Abstract Link to heading

Last time we looked into the weak points of State Space Models (Mamba, Mamba2), especially when compared with Attention-Based models (LLama, GPT-like). They lack in terms of in-context learning. To alleviate this, we focused on SSM-Transformer Hybrids and introduced multiple models that do this differently. Here we look into the expressivity of State Space Models from two formal perspectives. The first is from the perspective of Circuit complexity and later from the perspective of Formal Languages.

We cover the following two papers:

TLDR Link to heading

SSMs and Transformers have similar strengths and weaknesses; however, there is complementary synergy, giving a more theoretical reason for hybrid architectures.

Circuit Complexity Link to heading

Circuit complexity is a branch of computational complexity. We can view a circuit as a computational graph in Neural Networks, where each node is an operation with edges between nodes that are connected. In this article, there are two important classes of circuit complexity, $TC^0$ and $NC^1$.

$TC^0$ Link to heading

These are circuits that have bounded (constant) depth, we have no limit on the number of inputs (unbounded fan-in) and we can only use AND, OR and Threshold gates (the output of this gate is 1 if the sum of inputs exceeds a threshold, otherwise it is 0). The last constraint is that the size of the circuit is polynomial in the input length. The importance of this class is that problems that lie in this class can be extremely parallelized.

Example Link to heading

The canonical example is Integer multiplication. Following a divide-and-conquer style approach, we can take a sequence of integers, split them into smaller subsequences, multiply the subsequences to get intermediate results (this can be done in parallel) and finally multiply the intermediate values together. If we assume that we can at most multiply 2 integers at a time, we can compute the result in $\log_2 (n)$ steps.

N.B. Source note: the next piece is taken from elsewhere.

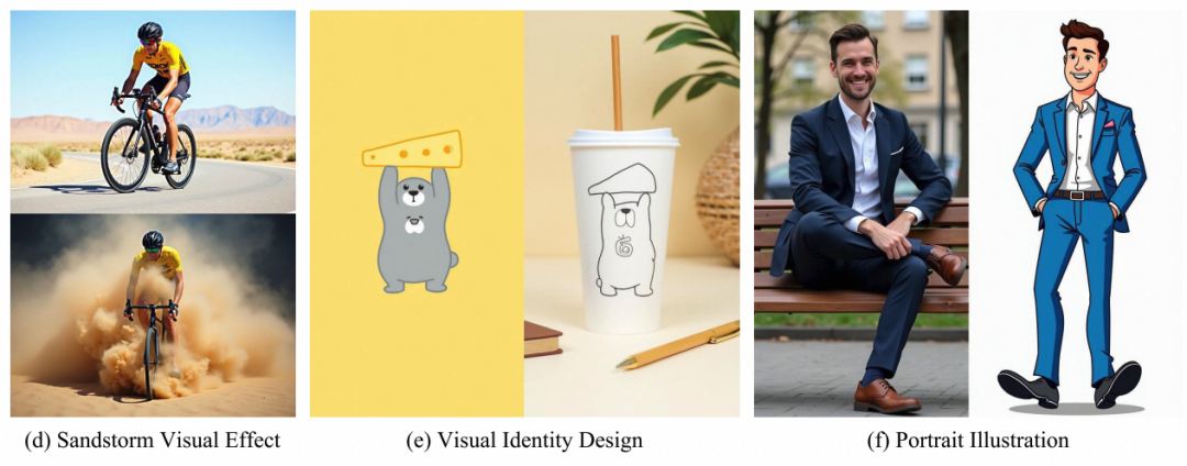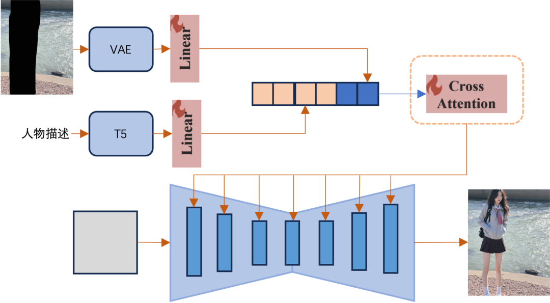 如下图所示,我们将背景特征VAE编码和线性投影后,直接和文本特征进行并联注入到DIT 中,尝试将背景图像细节特征直接映射到和txt 特征一样的语义层面,训练cross attention 层,让网络自适应学习图像背景控制和文本人物控制的融合,训练效果如下图,可以允许更自由的prompt 人物动作姿态控制,同时保持背景风格的一致性。

Nick’s Class 1 ($NC^1$) Link to heading

The depth of the circuit has a logarithmic bound ($O(\log n)$), we have a fixed (bounded fan-in) number of inputs, and we can only use AND and OR gates. The last constraint is that the size of the circuit is polynomial in the input length. This class represents problems that are sequential in nature and are hard to parallelize.

Example Link to heading

Here I introduce a couple of examples to make things more explicit:

  1. Evaluating boolean formulas: you have a bunch of boolean values with AND and OR between them, and sometimes grouped into groups. Technically this is to some degree parallelizable, since we can evaluate subgroups independently, but there may be dependencies that need to be evaluated first.
  2. Regular expressions: for those who do not know, regular expressions are compiled down to state machines, and you need to process character by character. Again if you have unions you may process different parts in parallel but otherwise you are forced to move one character at a time.
  3. Simulating finite automata: everything that is processed by finite state machines, where the state depends on the input, is determined by the order in which we receive the input. Altering this order can result in vastly different states.

SSMs, Transformers, and RNNs Link to heading

Recurrent Neural Networks (RNNs) are sequential by nature and can solve problems in $NC^1$. However, this sequential nature makes them hard to parallelize, and mainstream research started to favor Transformers, which allow for extreme parallelization. However, Transformers are stuck in $TC^0$ and cannot express strictly sequential problems. Mamba technically can emulate a Recurrent Neural Network, but this is only theoretical since it requires an infinite number of layers. Because of this, Mamba is stuck in $TC^0$.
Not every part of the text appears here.